HDP version: HDP 2.5
Spark version: 1.6
Created 05-19-2017 06:20 PM
(Just so that answers don't get duplicated, the question is also posted at http://stackoverflow.com/questions/44062349/issue-creating-accessing-hive-external-table-with-s3-loc... )
Created 08-03-2021 01:48 PM
Not entirely sure if this was the issue (you seem to have run into it a few years ago), but it is important to understand the following: Hive data is stored on HDFS However, the security policies for HDFS and Hive may be different. In fact it is recommended that you do NOT give hdfs level permissions to anyone for the warehouse directory, and use ranger to give out permissions on the SQL level only to the databases and tables which live there. As a result you might have been comparing apples to pears (trying to validate access by doing a hdfs read, and then using beeline to do a table read which goes via different security policies).
Created on 08-23-2023 04:57 AM - edited 08-23-2023 05:10 AM
@sam_kalmesh - Were you able to get a resolution for the error posted. We are hitting similar access error when trying to create a table from hive shell using s3a path i.e (s3a://bucket1/test_data_table) :
Caused by: com.amazonaws.services.s3.model.AmazonS3Exception: Forbidden (Service: Amazon S3; Status Code: 403
Caused by: java.nio.file.AccessDeniedException: s3a://bucket1/test_data_table: getFileStatus on s3a://bucket1/test_data_table
If the external path is changed to o3fs style to the same bucket then the tables get successfully created but fails with s3a path style.

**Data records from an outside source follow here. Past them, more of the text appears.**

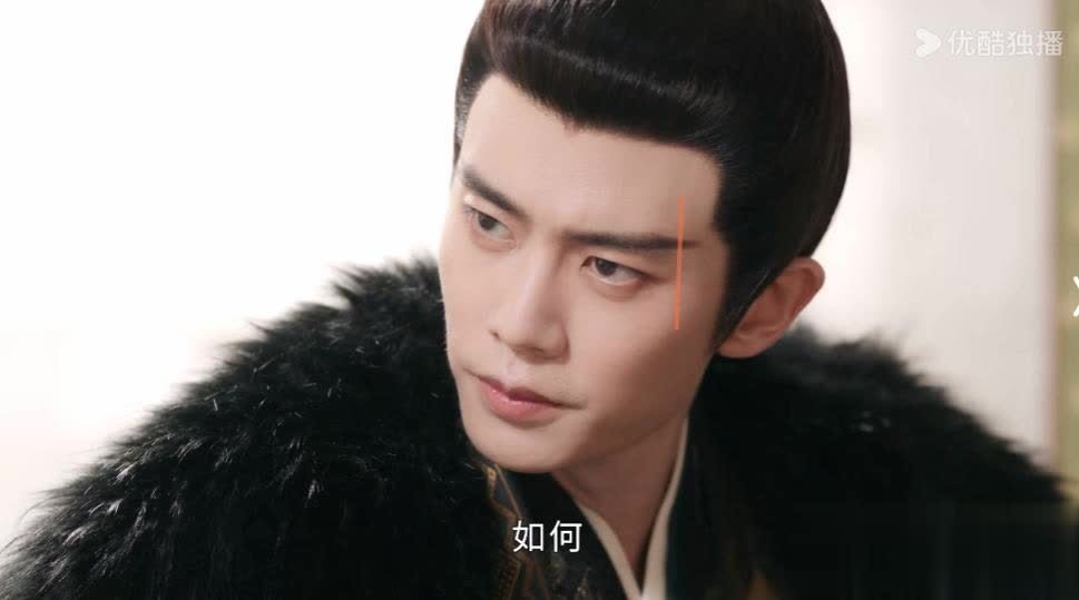 再说说化妆,任嘉伦这眉毛是怎么回事?画得也太长了吧,直接要飞出脸部去了。一般眉毛就比眼尾稍长一点,比如下面第一张,我们可以清楚地看到任嘉伦原来眉梢地位置,但是化妆比原来地眉毛长了大概一厘米。也许造型师想用这样的方式表现萧焕的帝王尊严,可是反倒看着很出戏,尤其是正面看,像是两条细麻绳把脸分成了两半。
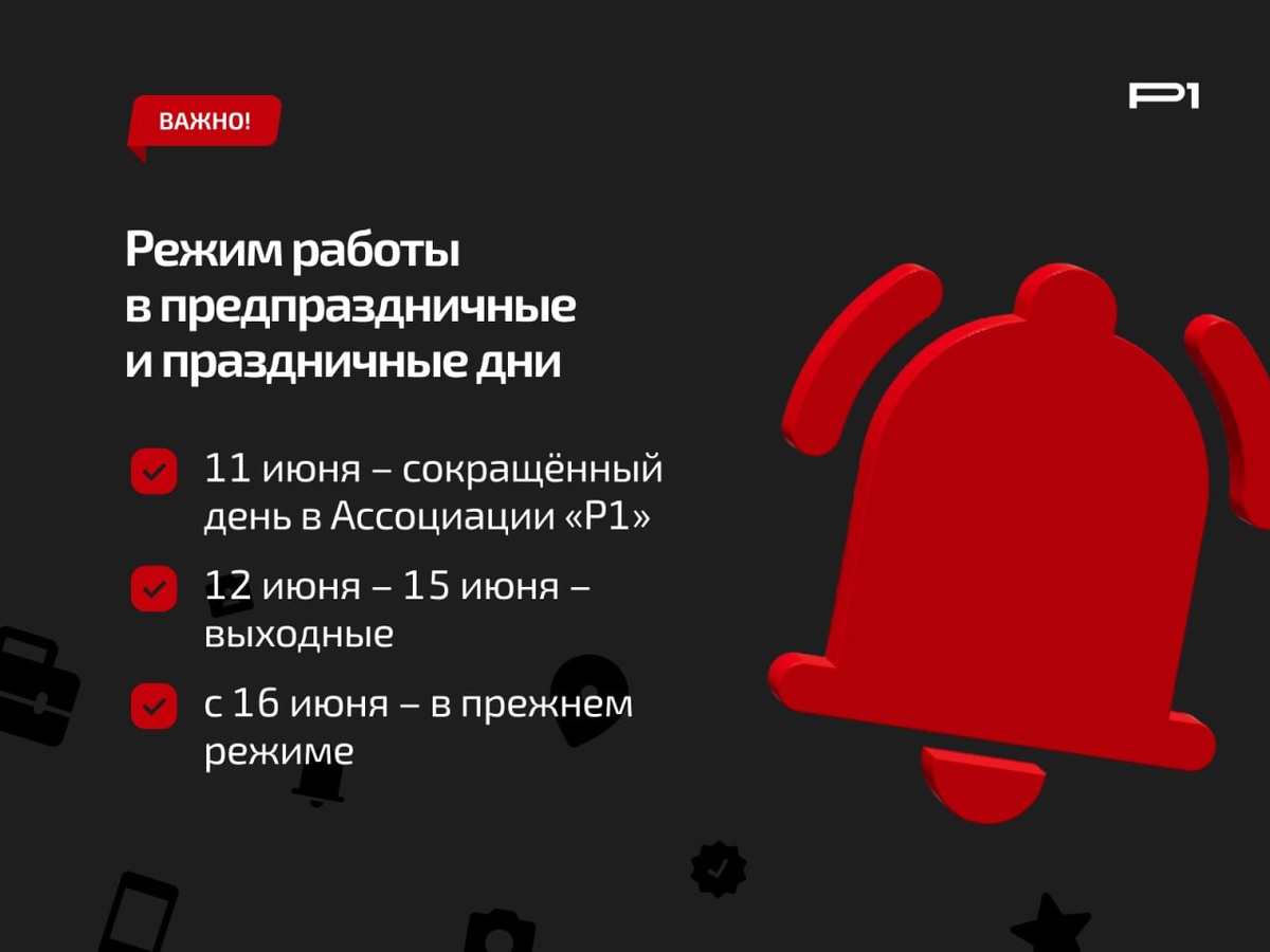 🔔 Режим работы Ассоциации «Р1» в предпраздничные и праздничные дни
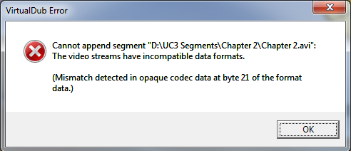 I can happily combine that broken video with the other 50 but I cannot seek that portion in VirtualDub (well I can but like the error says it's slow). I thought to just recompress it using Lagarith again to a playable and seekable file but now that gives me the following error when I append that fixed video 1 to any of the 2-50 videos:
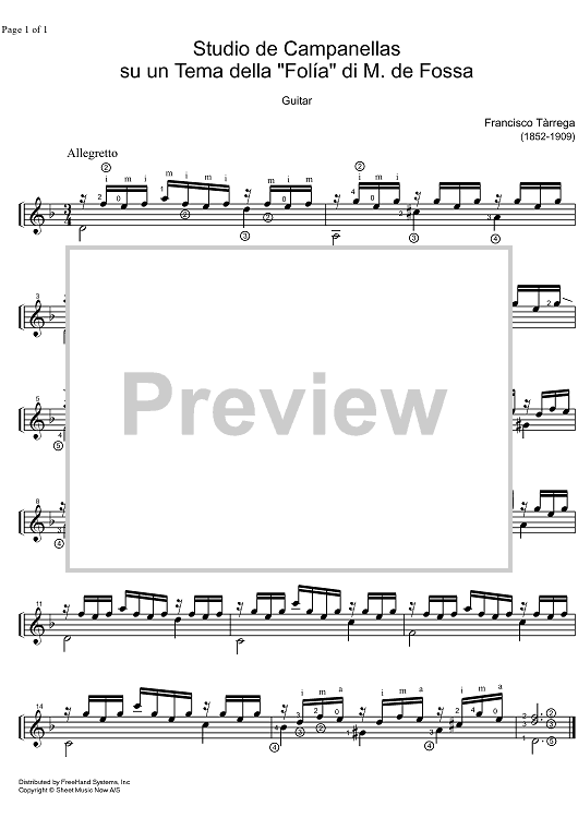 "Studio de Campanelas" Sheet Music by F. Tarrega
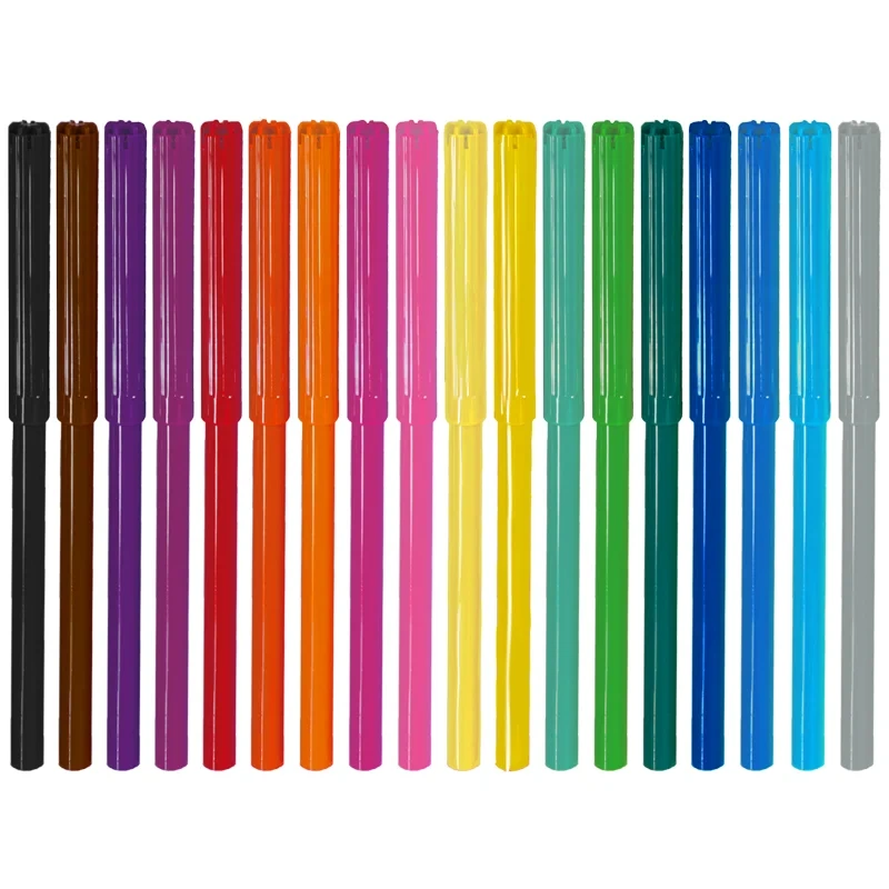 Набор фломастеров. 18 ярких цветов. Вентилируемый колпачок, смываемые чернила на водной основе. Упакованы в картонную коробку с подвесом.
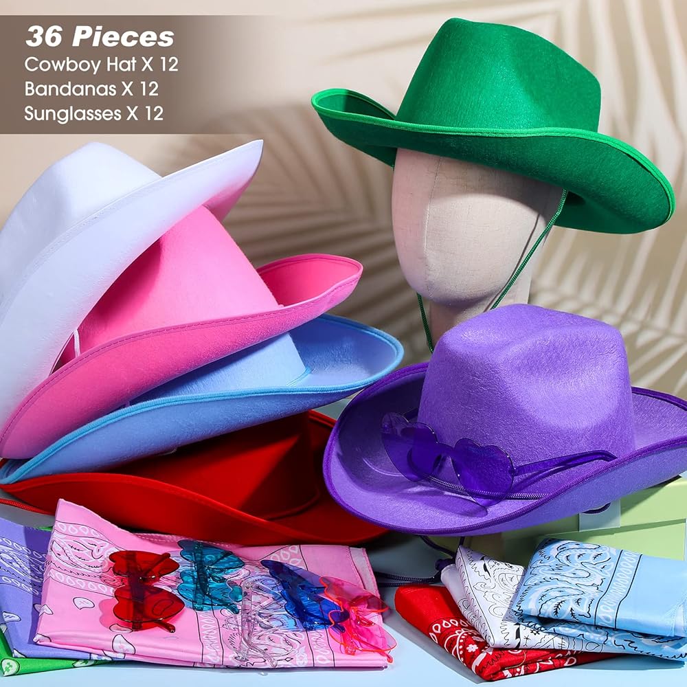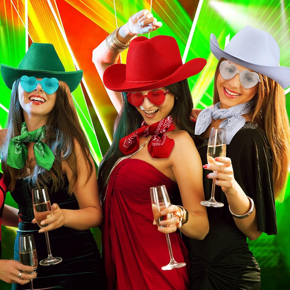 What You Get: you will get 12 cowboy costumes sets, including 12 pieces of cowboy hats, 12 pieces of cowboy bandannas and 12 pieces of heart sunglasses, classic style and sufficient quantity to meet your use or replacement needs; They are nice for parties or dress up
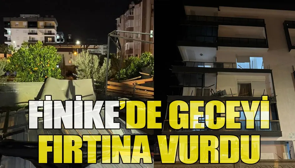 Finike’de geceyi fırtına vurdu Antalya’nın Finike ilçesinde gece saatlerinde etkili olan yağmur ve fırtına seralara ve evlere zarar verdi, bazı binaların çatıları uçarken apartman camları kırıldı.
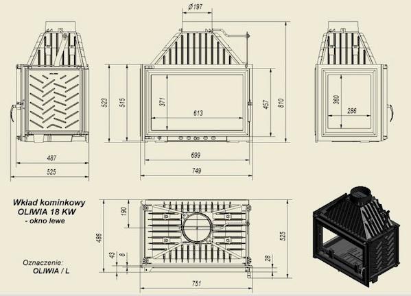 Каминная топка Oliwia польского производителя Kratki. Низкобюджетная модель с минимальным набором стандартных потребительских качеств.
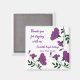 Vous cherchez un moyen unique d'accueillir vos invités et de mettre votre location de vacances à l'écart de votre concurrence? Cet aimant carré présente des fleurs violettes vives qui se déplaçant le long de l'aimant du réfrigérateur. Le violet clair des fleurs est complété par les feuilles et les tiges vert foncé. "Merci pour rester avec nous", ainsi que votre nom de maison et vos coordonnées peuvent être facilement customisés pour répondre à vos besoins.
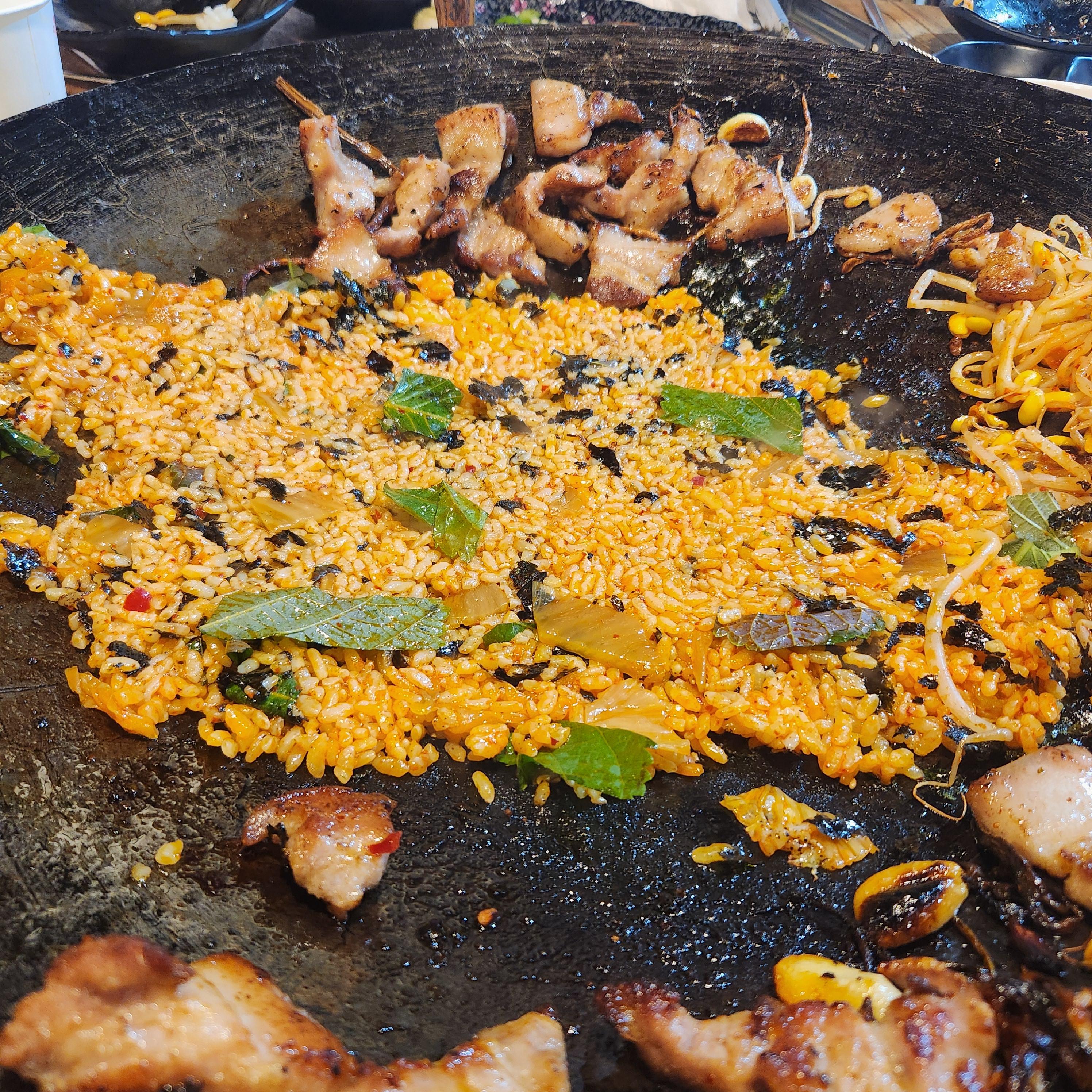주방에서 볶아진 상태로 와서 판에 펼쳐주십니다. 별다른 쇼맨십은 없었고요 비주얼은 조금 아쉬웠어요 ㅠ

The following config settings were added to "Hive Service Advanced Configuration Snippet (Safety Valve) for core-site.xml" as well :
fs.s3a.bucket.bucket1.access.key
fs.s3a.impl
fs.s3a.bucket.bucket1.secret.key
fs.s3a.endpoint
fs.s3a.bucket.probe
fs.s3a.change.detection.version.required
fs.s3a.path.style.access
fs.s3a.change.detection.mode
Created 08-23-2023 08:16 AM
@skommineni As this is an older post, you would have a better chance of receiving a resolution by starting a new thread. This will also be an opportunity to provide details specific to your environment that could aid others in assisting you with a more accurate answer to your question. You can link this thread as a reference in your new post. Thanks.
Regards,
Diana Torres,Created 08-23-2023 10:17 PM
@DianaTorres - Sure will do..thanks.